《TCP/IP Sockets 编程》笔记4

第4章 使用UDP套接字

 

UDP只执行两种功能：

1.向IP层添加了另一个寻址(端口)层；

2.检测传输中可能发生的数据损坏，并丢弃任何损坏的数据报。

 

UDP套接字与TCP套接字之间的另一个区别在于它们处理消息边界的方式：UDP套接字会保留它们。

UDP提供的端到端传输服务时一种“尽力而为”的服务：不保证通过UDP套接字发送的消息将会到达其目的地。

 

 

Sending and Receiving with UDP Sockets
ssize_t sendto(int socket, const void *msg, size_t msgLength, int flags, const struct sockaddr *destAddr, socklen_t addrLen)
ssize_t recvfrom(int socket, void *msg, size_t msgLength, int flags, struct sockaddr *srcAddr, socklen_t *addrLen)

 

 

When a call to send() on a TCP socket returns, all the caller knows is that the data has been copied into a buffer for transmission; the data may or may not have actually been transmitted yet. However, UDP does not buffer data for
possible retransmission because it does not recover from errors. This means that by the time a call to sendto() on a UDP socket returns, the message has been passed to the underlying channel for transmission and is (or soon will be) on its way out the door.

 

 

Between the time a message arrives from the network and the time its data is returned via recv() or recvfrom(), the data is stored in a first-in, first-out (FIFO) receive buffer. With a connected TCP socket, all received-but-not-yet-delivered bytes are treated as one continuous sequence (see Section 7.1). For a UDP socket, however, the bytes from different messages may have come from different senders. Therefore, the boundaries between them need to be preserved so that the data from each message can be returned with the proper address. The buffer really contains a FIFO sequence of “chunks” of data, each with an associated source address. A call to recvfrom() will never return more than one of these chunks. However, if recvfrom() is called with size parameter n, and the size of the first chunk in the receive FIFO is bigger than n, only the first n bytes of the chunk are returned. The remaining bytes are quietly discarded, with no indication to the receiving program.
For this reason, a receiver should always supply a buffer big enough to hold the largest message allowed by its application protocol at the time it calls recvfrom(). This technique will guarantee that no data will be lost. The maximum amount of data that can ever be returned by recvfrom() on a UDP socket is 65,507 bytes—the largest payload that can be carried in a UDP datagram.
Alternatively, the receiver can use the msg_peek flag with recvfrom() to “peek” at the first chunk waiting to be received. This flag causes the received data to remain in the socket’s receive FIFO so it can be received more than once. This strategy can be useful if memory is scarce, application messages vary widely in size, and each message carries information about its size in the first few bytes. The receiver first calls recvfrom() with msg_peek and a small buffer, examines the first few bytes of the message to determine its size, and then calls recvfrom() again (without msg_peek) with a buffer big enough to hold the entire message. In the usual case where memory is not scarce, using a buffer big enough for the largest possible message is simpler.

Connecting a UDP Socket 

UDP套接字可以调用connect()来固定将要发送的数据报的地址。一旦连接，可以使用send()来发送数据报，不需要再指定目的地址。相似的，使用recv()来接收数据报，因为一个连接的UDP套接字只能接收关联的外部地址发送的数据报，调用connect()后就知道接收到得数据报的源地址。

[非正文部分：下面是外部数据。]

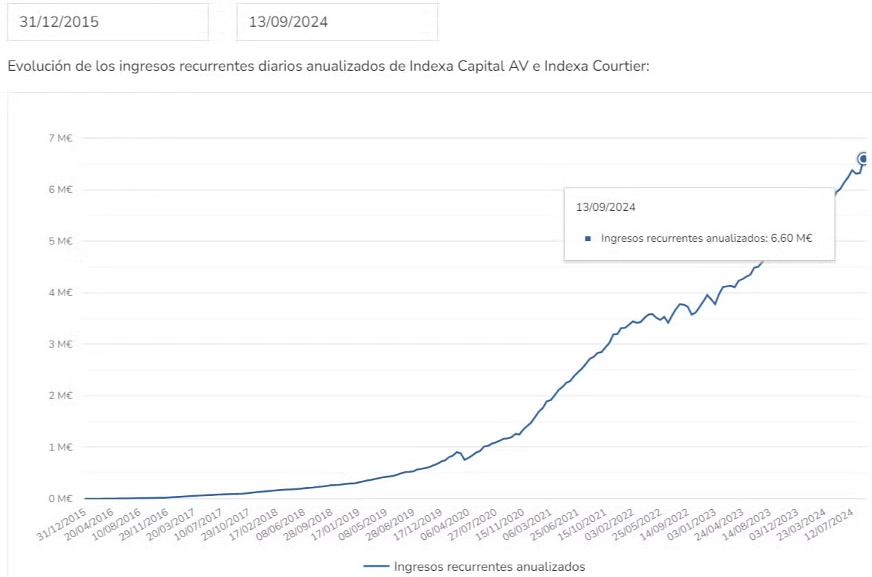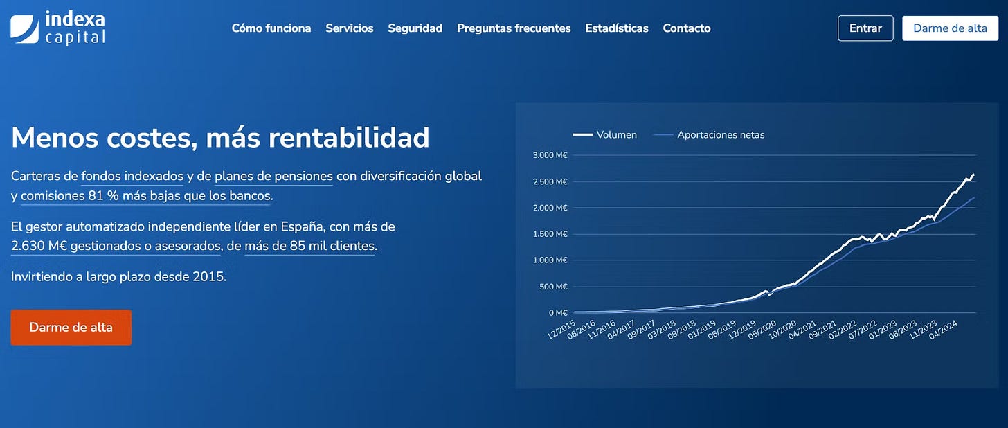 Quitando lo anterior, no hay otra fuente de ingresos para Indexa, ni comisión por % de ganancias ni otros (ya que consideran que no es mérito suyo las ganancias de su cliente y sí de mercado).
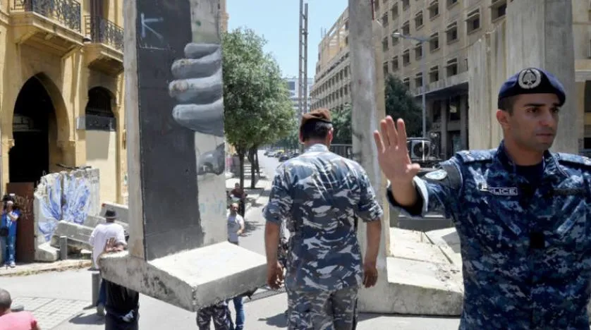 دو سیکورٹی اہلکار لبنانی پارلیمنٹ کے ہیڈ کوارٹر کی سڑکوں پر سیمنٹ کی رکاوٹ ہٹاتے ہوئے دیکھے جا سکتے ہیں (ای پی اے)
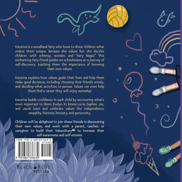You've Got Values! is a Mom's Choice Awards® Gold Recipient Katarina is a woodland fairy who loves to show children what makes them unique. Because she values fun, she dazzles children with whimsy, wonder, and "Fairy Magic!" This enchanting fairy friend guides six schoolmates on a journey of self-discovery, teaching them the importance of knowing their own values. Katarina explains how values guide their lives and help them make good decisions, including choosing their friends wisely, and deciding what activities to pursue. Values can even help them find a career they will enjoy someday! Katarina builds confidence in each child by uncovering what's most important to them. Evelyn, Ki, Emma Lucía, Daphne, Jax, and Jacob learn and celebrate values like independence, empathy, fairness, honesty, and generosity. Children will be delighted to join these friends in discovering their own values, and work with a parent, teacher, or caregiver to build their ValuesStory(TM) to increase their self-awareness and self-esteem.
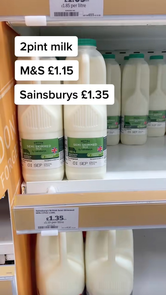 Two pint milk cartons were cheaper in M&S by 20p. (Picture: Jam Press)
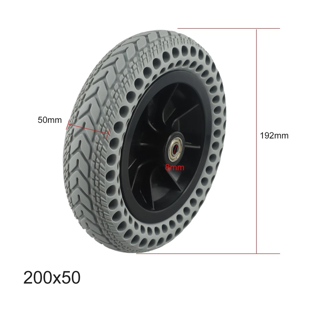 Improved Traction 8 inch 200x50 Electric Wheel Hub for Electric Scooters DESCRIPTION : It is illegal to ride electric scooters on public roads, pavements, or cycle paths. They are intended only for use on private land with the owner's permission. Features: *Suitable for tires of models 200x50 *Special lines on the tire , better grip. *Thickened material, and not easy to wear. *Made of high-quality rubber, it is stronger and stronger, and the driving is safer Specifications: *Product Name:8 inch 200x50 Solid Wheels Electric Wheel Hub for Wheelchair Electric Scooter *Material:Rubber+plastic *Size:About 192*50mm *Color:Black+Grey *Weight: 655g Package Content: 1x Solid Wheels Note: 1. The real color of the item may be slightly different from the pictures shown on website caused by many factors such as brightness of your monitor and light brightness. 2. Please allow slight manual measurement deviation for the data. POLICES Shipping Payment WARRANTY We only ship to confirmed ebay Order addresses. Please comfirm that your Order address is in line with your shipping address. Please kindly note that the c ombined shipping is not provided because the shipping fee is calculated by weight. Also, the each additional item means exactly the the same color and size. It takes about 7 -15 working days to US; about 10-30 working days to other countries. Transit time may be a little delayed because of the bad weather and customs inspection . If you do not receive your item within 30 working days since payment finished, please contact us immediately for further assistance. Payment must be completed within 5 days. If you have any problems about payment, please contact us via ebay message. We strive for 100% customer satisfaction! Positive Feedback is very important to us. If you have any questions, p lease feel free to contact us via "Ask seller a question" . We will reply your email within 24 working hours. On Jan 2, 2025 at 09:36:50 PST, seller added the following information:
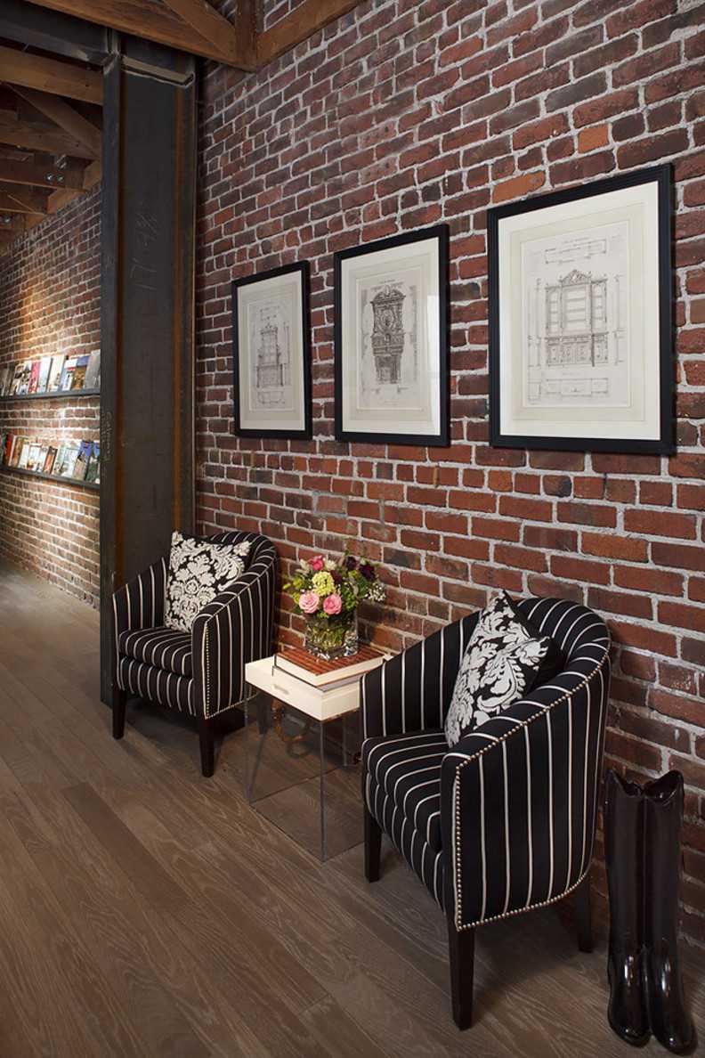 Wallpaper in the form of a brick wall will harmoniously look in such a design
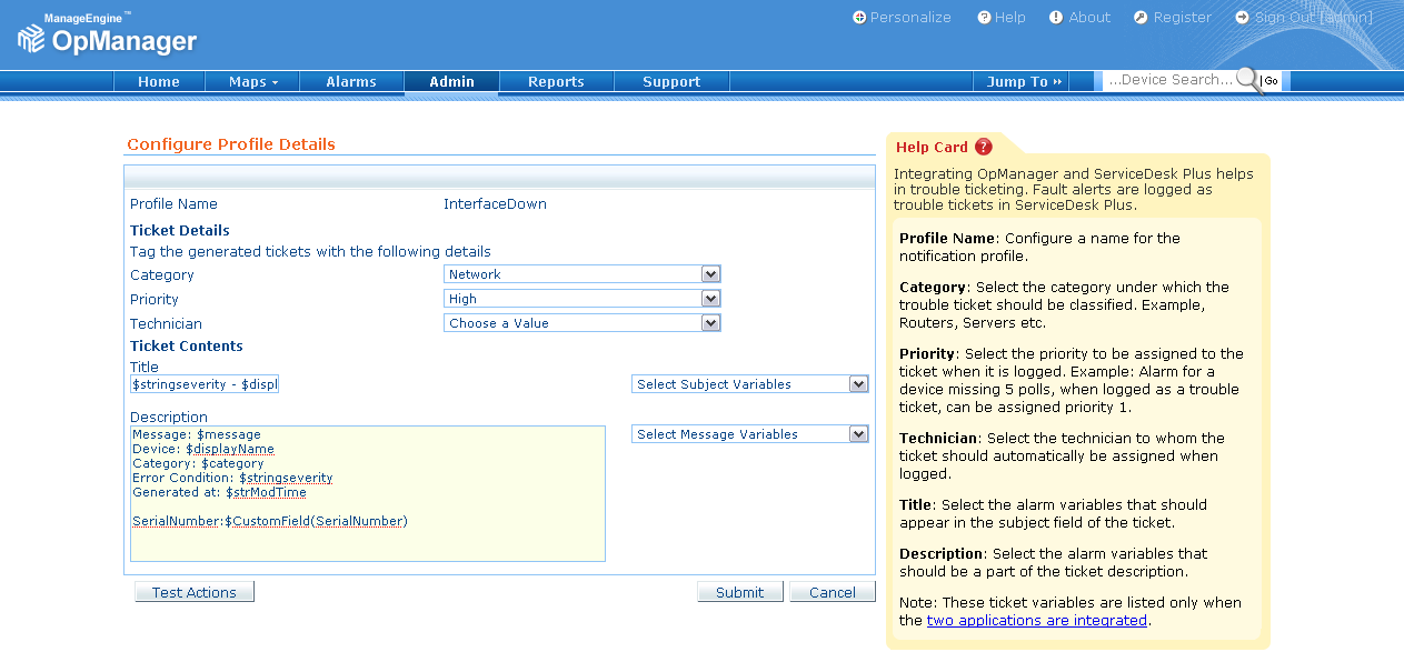 OpManager与ServiceDesk Plus集成
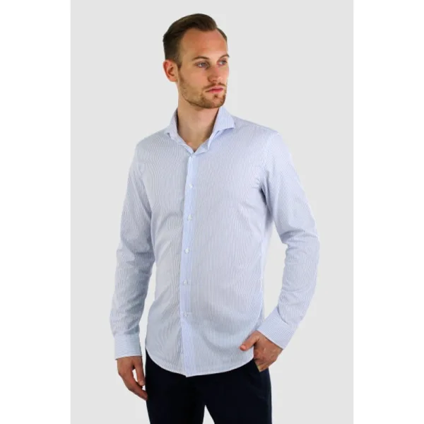 Dit overhemd geeft je een frisse en stijlvolle uitstraling. Met zijn heldere witte kleur en subtiele blauwe strepen voeg je moeiteloos wat verfijning toe aan je outfit. Of je het overhemd nu draagt voor formele gelegenheid of gewoon casual, dit overhemd laat je er altijd op je best uitzien.
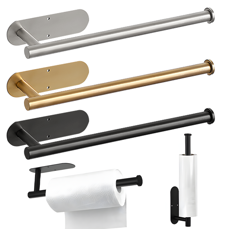 【Easy to Install】Our stainless steel paper roll holder comes in two different models, long and short, the long model can be installed with screws, for smooth surfaces (tiles, concrete surfaces, glass), press it for about 20 seconds then wait for 24 hours, anyone can install the self-adhesive paper towel holder effortlessly.

也就是说，连接后，只能向connect()指定的地址发送数据报，或从它接收数据报。连接之后使用send()和recv()并不改变UDP的行为。

取消连接，通过调用AF_UNSPEC地址族参数的connect()。

It is possible to call connect() on a UDP socket to fix the destination address of future datagrams sent over the socket. Once connected, you may use send() instead of sendto() to transmit datagrams because you no longer need to specify the destination address. In a similar way, you may use recv() instead of recvfrom() because a connected UDP socket can only receive datagrams from the associated foreign address and port, so after calling connect() you know the source address of any incoming datagrams. In fact, after connecting, you may only send and receive to/from the address specified to connect(). Note that connecting and then using send() and recv() with UDP does not change how UDP behaves. Message boundaries are still preserved, datagrams can be lost, and so on. You can “disconnect” by calling connect() with an address family of AF_UNSPEC.

 

UDP套接字使用connect()的另一个微妙的优点是：是你能够接收到套接字上先前动作产生的错误指示。

最简单的例子，发送一个数据报给不存在的服务器或端口，调用send()发送该数据报将最终导致错误，但该调用并没有错误指示就返回。过了一段时间之后，主机会收到一个错误消息指示发送的数据报遇到问题。由于该数据报是控制消息而不是常规的UDP数据报，如果套接字是非连接的，系统没法指示该消息发送到哪，因为非连接的套接字没有相关联的外部地址和端口。然而，如果端口是连接的，系统能将错误数据报的信息与套接字的关联外部IP地址和端口进行匹配。

需要注意的是，控制错误消息被交付给套接字将导致后续的系统调用返回错误，而不是导致之前导致错误的send()返回错误。

Another subtle advantage to calling connect() on a UDP socket is that it enables you to receive error indications that result from earlier actions on the socket. The canonical exampleis sending a datagram to a nonexistent server or port. When this happens, the send() that eventually leads to the error returns with no indication of error. Some time later, an error message is delivered to your host, indicating that the sent datagram encountered a problem. Because this datagram is a control message and not a regular UDP datagram, the system can’t always tell where to send it if your socket is unconnected, because an unconnected socket has no associated foreign address and port. However, if your socket is connected, the system is able to match the information in the error datagram with your socket’s associated foreign IP address and port. Note such a control error message being delivered to your socket will result in an error return from a subsequent system call (for example, the recv() that was intended to get the reply), not the offending send().